Patrice and I have been living with our 8 children in Bernede since 1978, our ‘philosophy’ being to live as independently as possible: 5 cows (for cheese, butter and yoghurt), fruit and vegetables, and a mill (by the river). Making sculptures, buildings built the traditional way, animal-traction farming methods, home education, it was all hard work. But we were free and keen to learn these ways of doing things. Even the 40-or-so nappies (diapers) that I had to wash each day in the wash place was a holiday for me! Believe me, 8 children and all of us living 24/7 in one room, plus the home schooling, it was a bit tiring sometimes and certainly noisy - especially in winter! So I would find myself at the wash place, on my own for 2 hours every day, my hands in warm water, lost in my thoughts and my feelings, surrounded by the most beautiful scenery that changed with the seasons. One of my greatest pleasures was to go and visit Henriette at Balmayné, a small village across the valley. Henriette was born in our house at Figuets in 1913 you see. With a baby on my back, the bigger ones at my feet, we would go once a month to see her and to listen to her stories of how things were here. She died aged 101 but she grew her own potatoes until she was 96. I remember that she would walk down to the market at Massat every Thursday with her friends Adele, Jeanne and Maria; 7 kilometers there and 7 back up the mountain, come rain or shine, summer or winter. Before the conversion to the euro (in 2001), the Credit Agricole (bank) closed in the Massat square, bringing to an end the get-togethers of the local old-timers. That was really sad. A whole culture that slowly disappeared. Now it’s us who are the old-timers.

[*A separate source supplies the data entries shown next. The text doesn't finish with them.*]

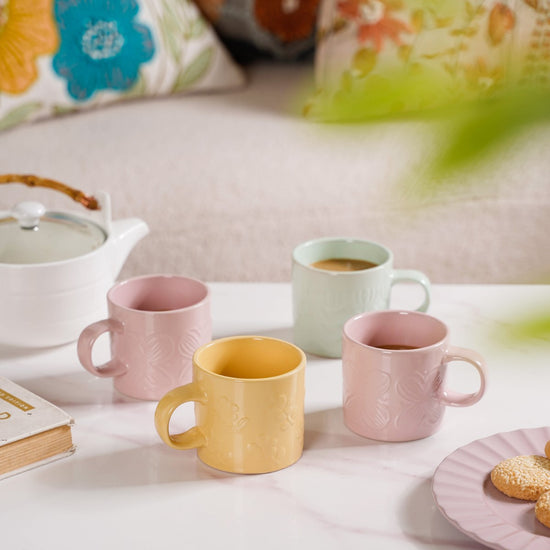 Elevate your daily beverage experience with our multicolour cups set of 8. These cups are more than just drinkware; they are a statement of style and functionality. Crafted from premium ceramic material, each cup boasts exquisite craftsmanship and showcases embossed designs that exude sophistication. The round, non-slip handles ensure a comfortable grip, while the practicality of the cups shines through their chip-resistant feature. Whether it's your morning coffee ritual or an evening tea, these cups enhance every sip. Plus, they are microwave and dishwasher-safe, adding convenience to your life.
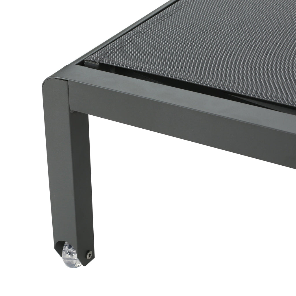 The chaise lounge chat set is crafted using a rust-resistant aluminum frame, ensuring longevity of the product.The seating area is made with outdoor mesh, offering a combination of support and flexibility.This unique material promotes air circulation and effectively dissipates body heat on warmer days
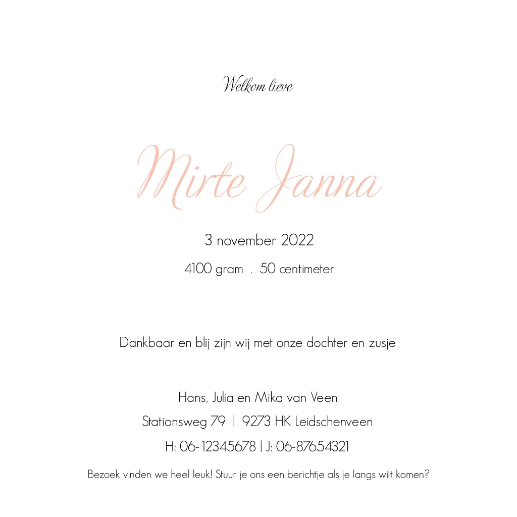 - Marloes“Ruime keuze uit geboortekaartjes die passen bij het seizoen, heel fijn dat je ze zelf kan aanpassen naar smaak. We hadden alles klaar staan en hoefde alleen nog geboorteinfo aan te passen. Daardoor waren de kaartjes al op dag 3 na de geboorte in huis! Superfijn.”
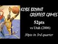 Kobe Bryant greatest games: 52pts vs Utah - 30 in 3rd (2007)

Our children all left young to discover the world. Canada, Amazonia, Ireland, Tunisia, Peru, Reunion Island. Then they all came back to settle in the Ariege to do interesting jobs. I’ve 19 grand children now. That’s really nice. But the old timers have all died now. Gone is the self-sufficiency, there is not too much creative stuff being done, and everybody follows the herd (owning a car or mobile telephone, going to school, wanting the internet etc). It breaks my heart but that’s how it is in Europe now!
I don’t believe that the super-market or the inter-net are all that – well - super. I would rather spend my time visiting the last remaining ethnic tribes. They are poor in money but rich in spirit …… As for all those things we want through the media, happiness is not conditional you know, nor is love. I want to live in a world where we are all brothers and sisters. I really believe this. It’s just a matter of time, that’s all.